AH i think i found it  Its a pdf file

http://www.packgoatforum.com/attach...1-napga-rendezvous-goat-measurement-table.pdf


----------



## Saltlick (Jun 12, 2011)

Omg he's huge!! I remember I wanted him too when I came to pick up Django. I have major goat envy  but, although not as big, I do absolutely love the yearling I bought from you! He loves to hop in cars if the door is open, he's super curious and alert yet gentle and I think he's going to make a good packer. We go on walks in the field almost every day and my other goat is being nice to him now.


----------



## joecool911 (Jul 3, 2010)

My boys are 15 months. 36 & 37", but weigh less than Legion, Mine both taped at 150#. They are leggy and a bit thin. Weight appropriate, just have not filled out yet with muscle. 

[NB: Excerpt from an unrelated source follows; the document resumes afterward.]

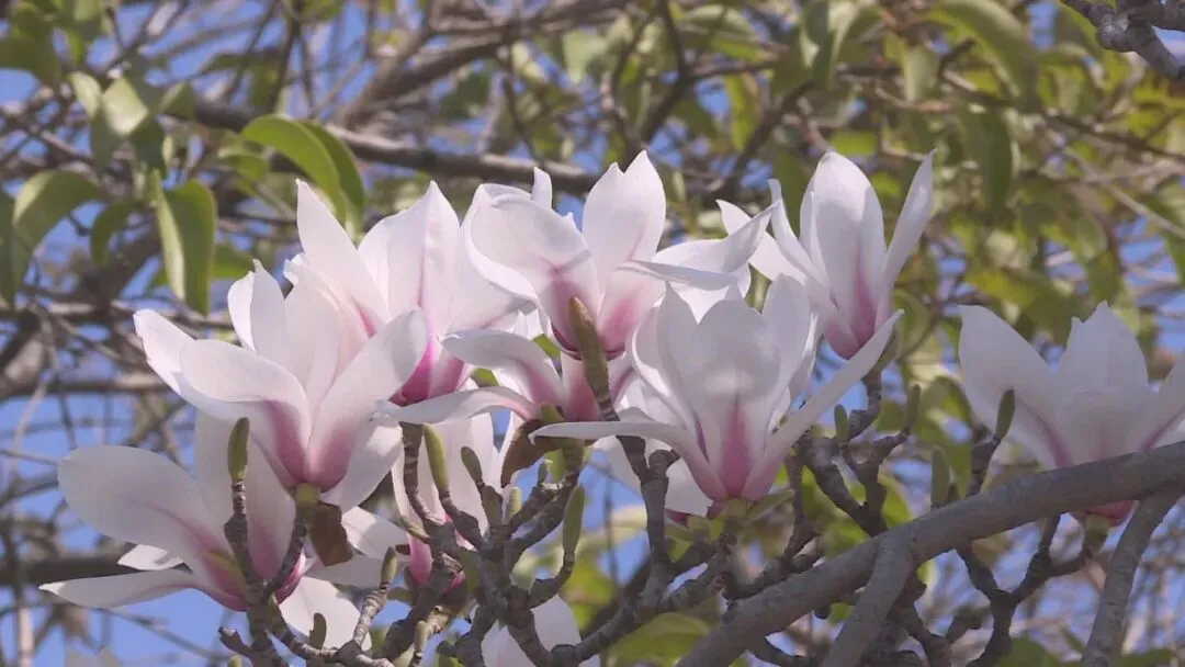 目前,花卉园内鲜花集中绽放的区域就是桂花园,洁白如雪的白玉兰、含苞待放的紫玉兰、还有花香扑鼻的郁香忍冬、杏花和美人梅等竞相绽放,微风拂过、花瓣飘落,勾勒出“人在画中游”的诗意场景。

Yeah, that PDF is what I was looking for. Thanks!


----------



## TDG-Farms (Jul 12, 2013)

Its the alfalfa we feed I am guessing. I still havent started to transition him over to a mixed hay. That and not getting out much he has a bit of fat on him  And I am so glad he ended up with you Cheri. I knew all he needed was someone to to focus on him and he would quickly find himself. Makes me misty eyed


----------